# WHAT YOU ARE ASKED TO DO
Print only the lines from the one with "douceur et intensité." through the end of the data, exactly, and please omit pictures.

::::

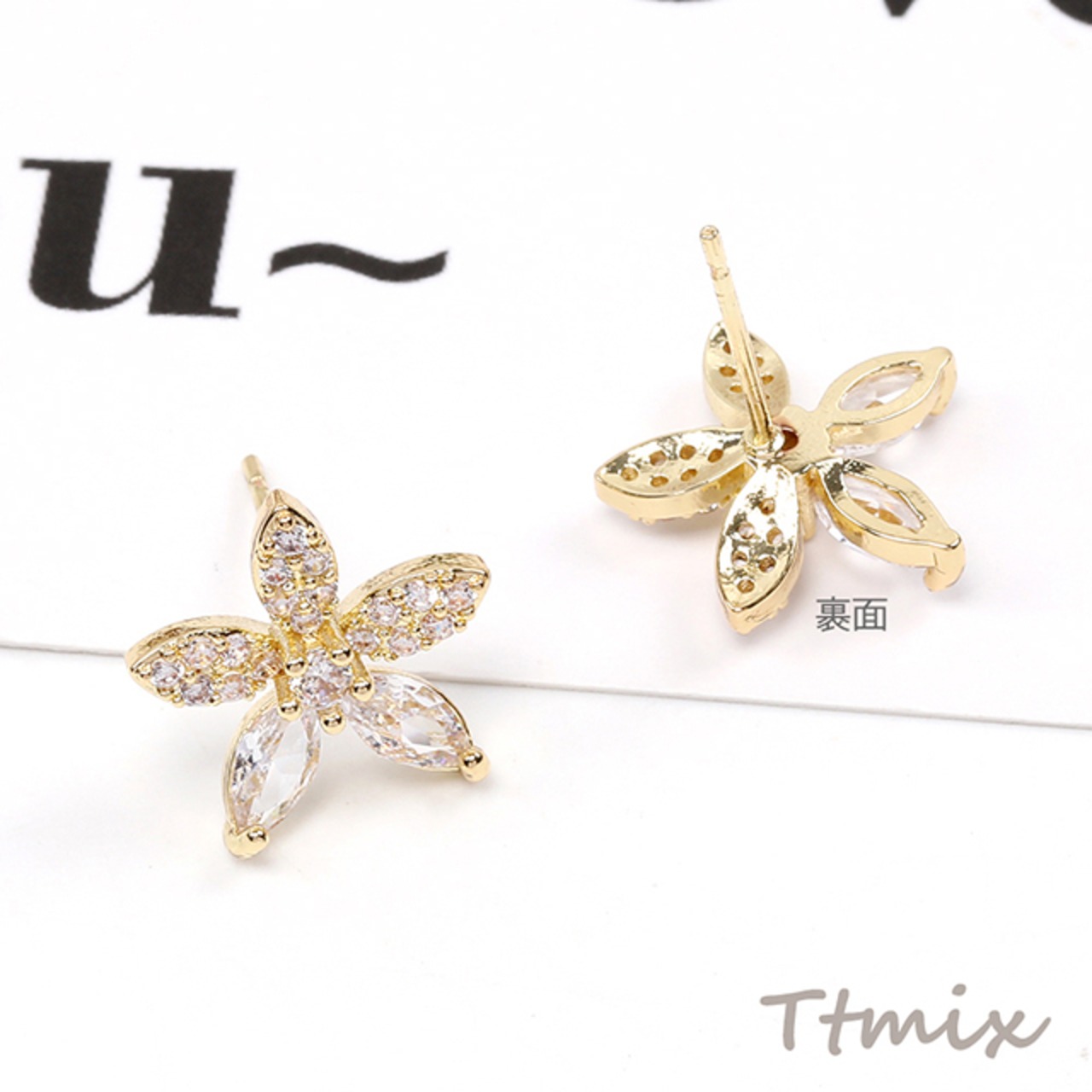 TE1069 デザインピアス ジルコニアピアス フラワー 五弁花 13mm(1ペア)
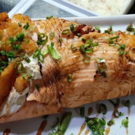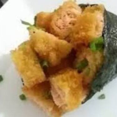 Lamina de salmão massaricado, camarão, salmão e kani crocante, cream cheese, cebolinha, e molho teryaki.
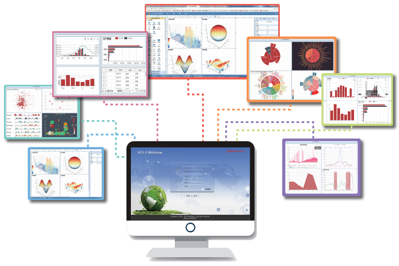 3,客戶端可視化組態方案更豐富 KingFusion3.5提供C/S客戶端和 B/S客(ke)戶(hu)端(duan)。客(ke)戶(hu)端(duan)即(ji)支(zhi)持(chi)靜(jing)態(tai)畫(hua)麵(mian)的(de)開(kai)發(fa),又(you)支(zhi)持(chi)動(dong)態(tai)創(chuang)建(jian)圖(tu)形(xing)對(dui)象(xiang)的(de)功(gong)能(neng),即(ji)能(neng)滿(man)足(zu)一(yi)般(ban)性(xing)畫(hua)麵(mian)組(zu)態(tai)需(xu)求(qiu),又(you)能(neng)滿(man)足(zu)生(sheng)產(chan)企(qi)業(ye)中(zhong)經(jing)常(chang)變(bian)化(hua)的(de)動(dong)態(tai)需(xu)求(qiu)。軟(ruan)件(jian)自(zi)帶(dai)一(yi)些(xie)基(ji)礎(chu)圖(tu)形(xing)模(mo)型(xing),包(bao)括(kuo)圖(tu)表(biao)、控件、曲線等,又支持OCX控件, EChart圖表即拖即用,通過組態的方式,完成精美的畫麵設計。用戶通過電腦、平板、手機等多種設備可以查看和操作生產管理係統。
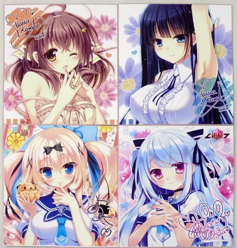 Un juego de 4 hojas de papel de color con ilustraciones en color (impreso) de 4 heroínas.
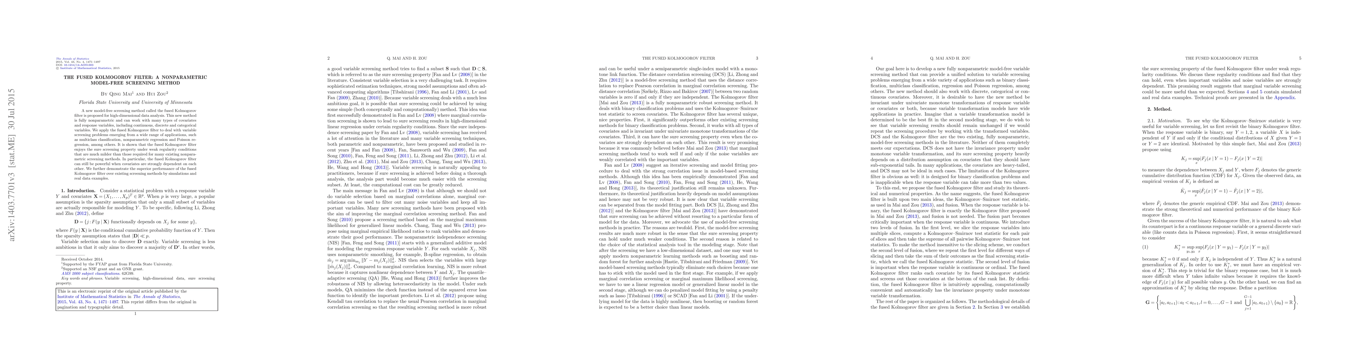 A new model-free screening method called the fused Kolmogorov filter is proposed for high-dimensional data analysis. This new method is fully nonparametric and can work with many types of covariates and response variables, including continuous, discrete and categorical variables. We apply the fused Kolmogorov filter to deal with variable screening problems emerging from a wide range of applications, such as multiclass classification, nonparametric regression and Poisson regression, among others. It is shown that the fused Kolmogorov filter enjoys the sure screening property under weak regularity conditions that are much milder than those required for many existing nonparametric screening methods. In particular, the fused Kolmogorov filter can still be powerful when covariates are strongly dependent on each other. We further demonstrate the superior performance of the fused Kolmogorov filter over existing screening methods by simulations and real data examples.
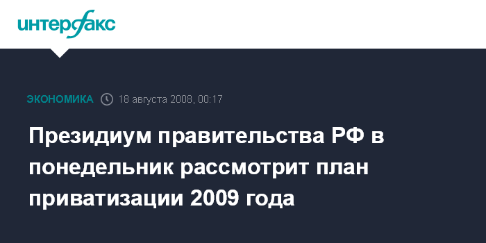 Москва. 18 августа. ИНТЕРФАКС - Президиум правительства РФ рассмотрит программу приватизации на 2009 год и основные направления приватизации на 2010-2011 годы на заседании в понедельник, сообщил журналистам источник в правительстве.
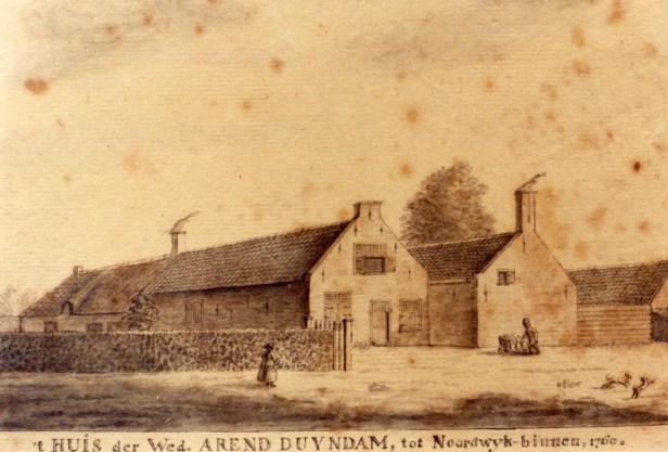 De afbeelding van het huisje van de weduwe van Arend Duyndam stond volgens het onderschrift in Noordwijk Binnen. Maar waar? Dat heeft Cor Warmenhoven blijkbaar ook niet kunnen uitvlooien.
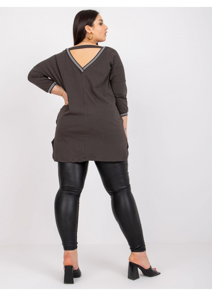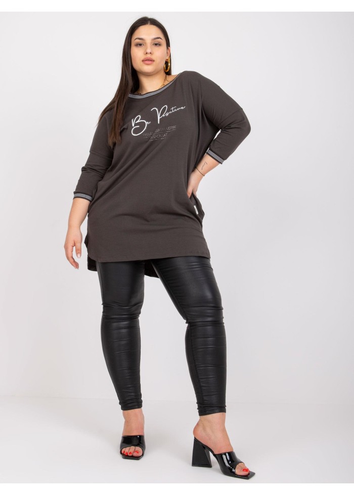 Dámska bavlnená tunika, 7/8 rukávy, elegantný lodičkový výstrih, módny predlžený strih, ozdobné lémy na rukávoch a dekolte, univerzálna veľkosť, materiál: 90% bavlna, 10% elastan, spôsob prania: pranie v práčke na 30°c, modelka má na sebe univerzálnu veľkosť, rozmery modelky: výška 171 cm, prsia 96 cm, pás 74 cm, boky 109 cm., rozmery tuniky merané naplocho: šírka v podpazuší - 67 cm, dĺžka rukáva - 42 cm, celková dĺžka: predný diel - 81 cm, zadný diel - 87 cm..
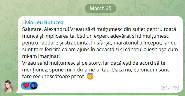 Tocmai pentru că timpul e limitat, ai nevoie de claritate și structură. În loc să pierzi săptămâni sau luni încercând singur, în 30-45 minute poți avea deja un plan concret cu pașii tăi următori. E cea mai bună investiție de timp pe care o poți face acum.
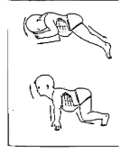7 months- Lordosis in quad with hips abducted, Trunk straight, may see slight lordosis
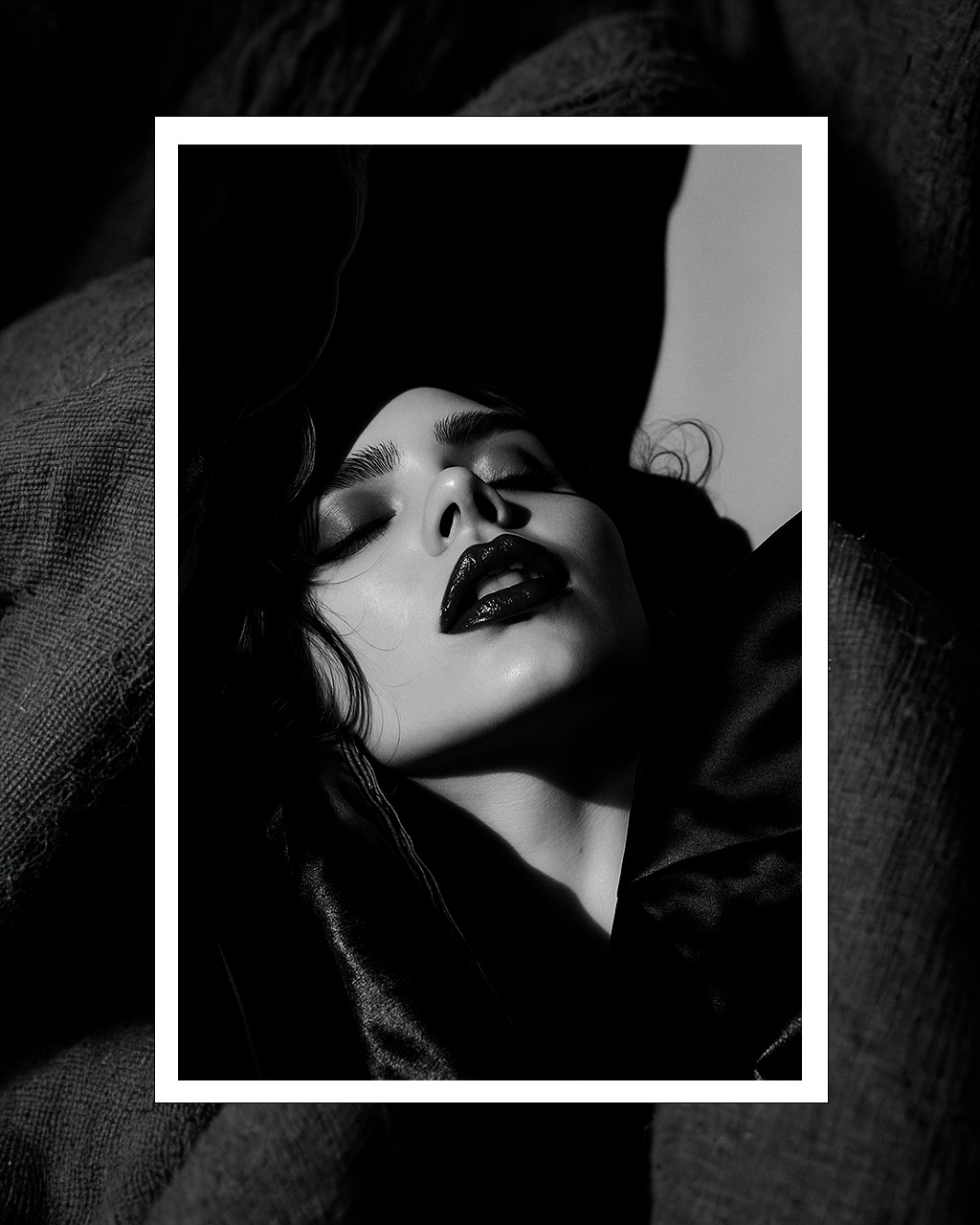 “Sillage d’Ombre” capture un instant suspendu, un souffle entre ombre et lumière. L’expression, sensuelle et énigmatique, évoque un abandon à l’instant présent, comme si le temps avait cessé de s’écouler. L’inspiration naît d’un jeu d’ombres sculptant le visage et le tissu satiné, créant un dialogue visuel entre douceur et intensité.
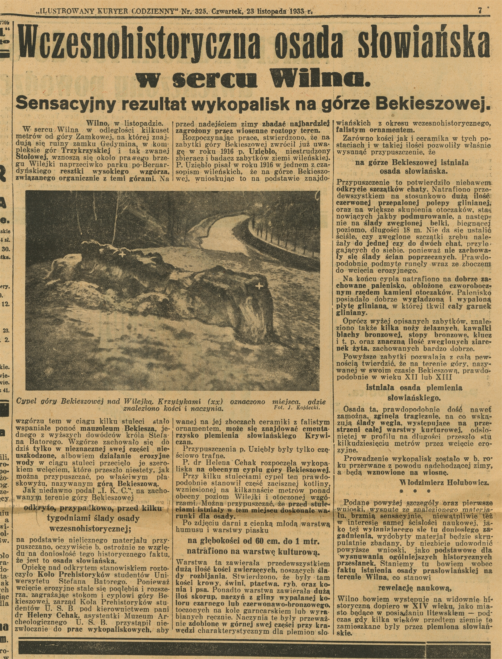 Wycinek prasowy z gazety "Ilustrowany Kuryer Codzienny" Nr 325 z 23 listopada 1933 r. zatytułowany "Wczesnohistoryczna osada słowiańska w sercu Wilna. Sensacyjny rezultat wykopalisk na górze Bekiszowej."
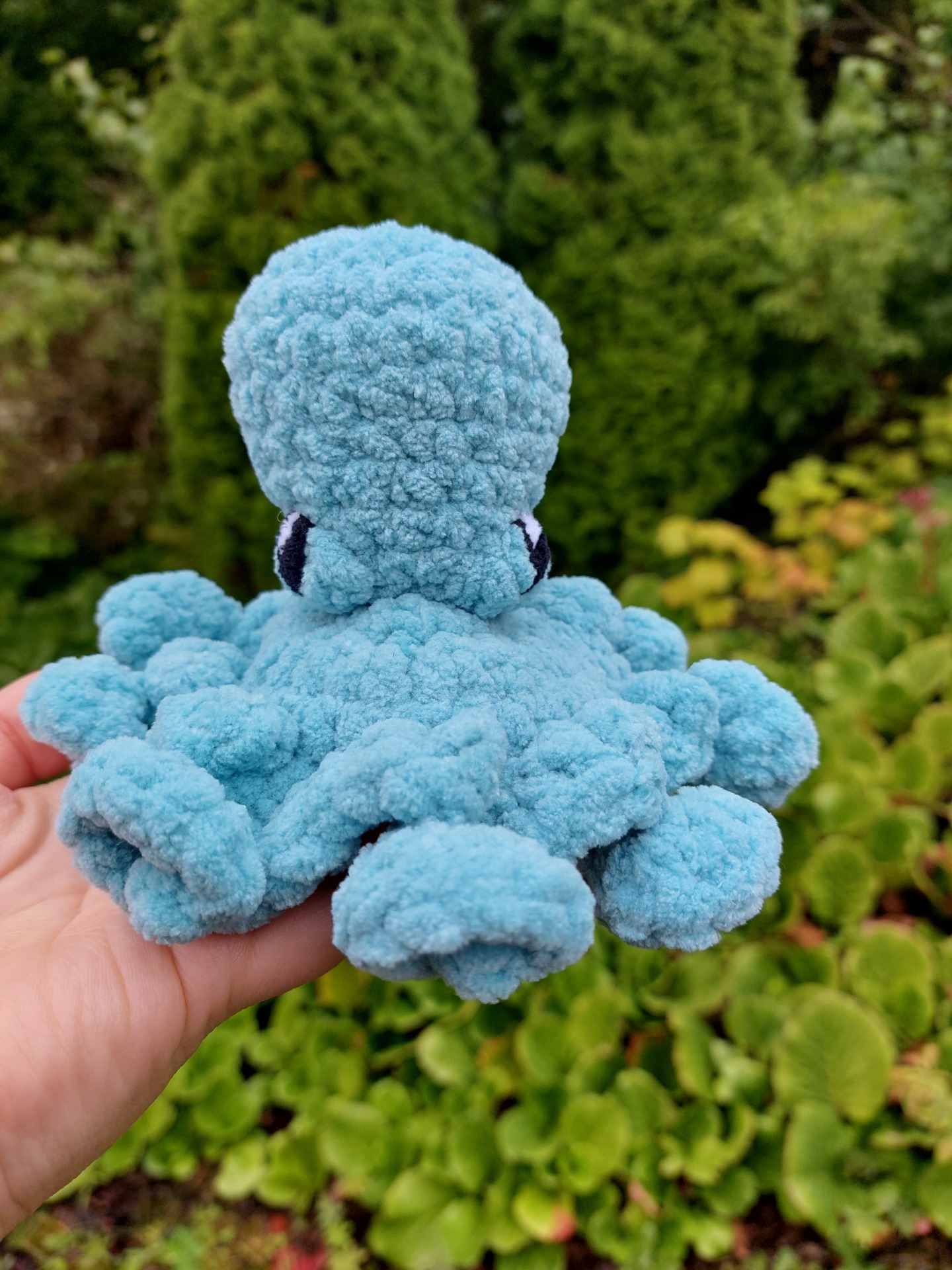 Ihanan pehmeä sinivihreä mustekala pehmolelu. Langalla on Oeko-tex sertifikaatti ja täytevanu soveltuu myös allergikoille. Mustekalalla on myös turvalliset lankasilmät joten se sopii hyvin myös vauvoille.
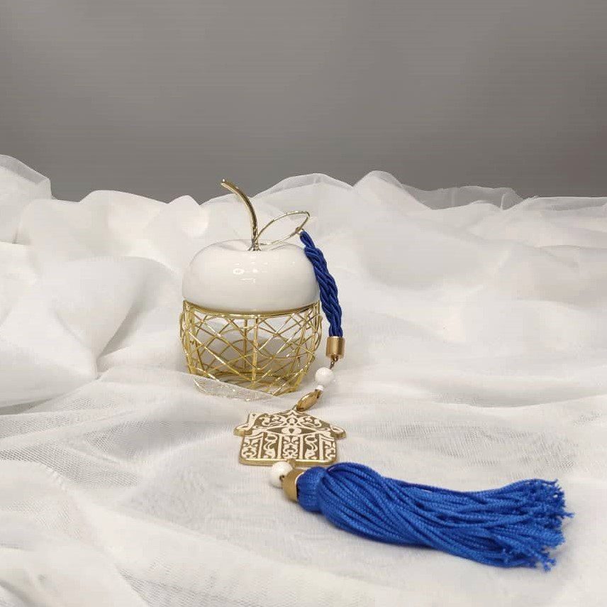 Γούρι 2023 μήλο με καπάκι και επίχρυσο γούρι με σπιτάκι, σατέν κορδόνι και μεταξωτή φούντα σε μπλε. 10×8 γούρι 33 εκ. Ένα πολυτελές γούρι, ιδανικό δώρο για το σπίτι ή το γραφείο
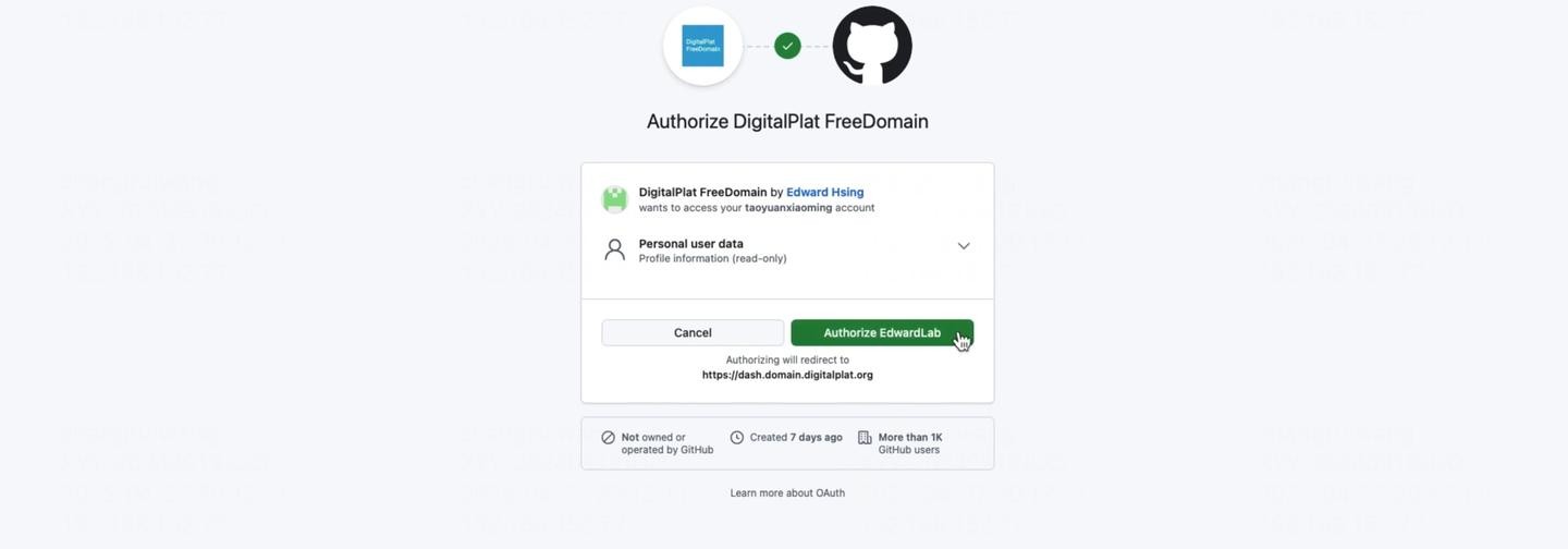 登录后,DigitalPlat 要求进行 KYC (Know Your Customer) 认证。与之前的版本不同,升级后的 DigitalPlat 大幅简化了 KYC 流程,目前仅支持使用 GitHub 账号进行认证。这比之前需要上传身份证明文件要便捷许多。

::::

# PROBLEM SOLUTION
 “Sillage d’Ombre” capture un instant suspendu, un souffle entre ombre et lumière. L’expression, sensuelle et énigmatique, évoque un abandon à l’instant présent, comme si le temps avait cessé de s’écouler. L’inspiration naît d’un jeu d’ombres sculptant le visage et le tissu satiné, créant un dialogue visuel entre douceur et intensité.
 Wycinek prasowy z gazety "Ilustrowany Kuryer Codzienny" Nr 325 z 23 listopada 1933 r. zatytułowany "Wczesnohistoryczna osada słowiańska w sercu Wilna. Sensacyjny rezultat wykopalisk na górze Bekiszowej."
 Ihanan pehmeä sinivihreä mustekala pehmolelu. Langalla on Oeko-tex sertifikaatti ja täytevanu soveltuu myös allergikoille. Mustekalalla on myös turvalliset lankasilmät joten se sopii hyvin myös vauvoille.
 Γούρι 2023 μήλο με καπάκι και επίχρυσο γούρι με σπιτάκι, σατέν κορδόνι και μεταξωτή φούντα σε μπλε. 10×8 γούρι 33 εκ. Ένα πολυτελές γούρι, ιδανικό δώρο για το σπίτι ή το γραφείο
 登录后,DigitalPlat 要求进行 KYC (Know Your Customer) 认证。与之前的版本不同,升级后的 DigitalPlat 大幅简化了 KYC 流程,目前仅支持使用 GitHub 账号进行认证。这比之前需要上传身份证明文件要便捷许多。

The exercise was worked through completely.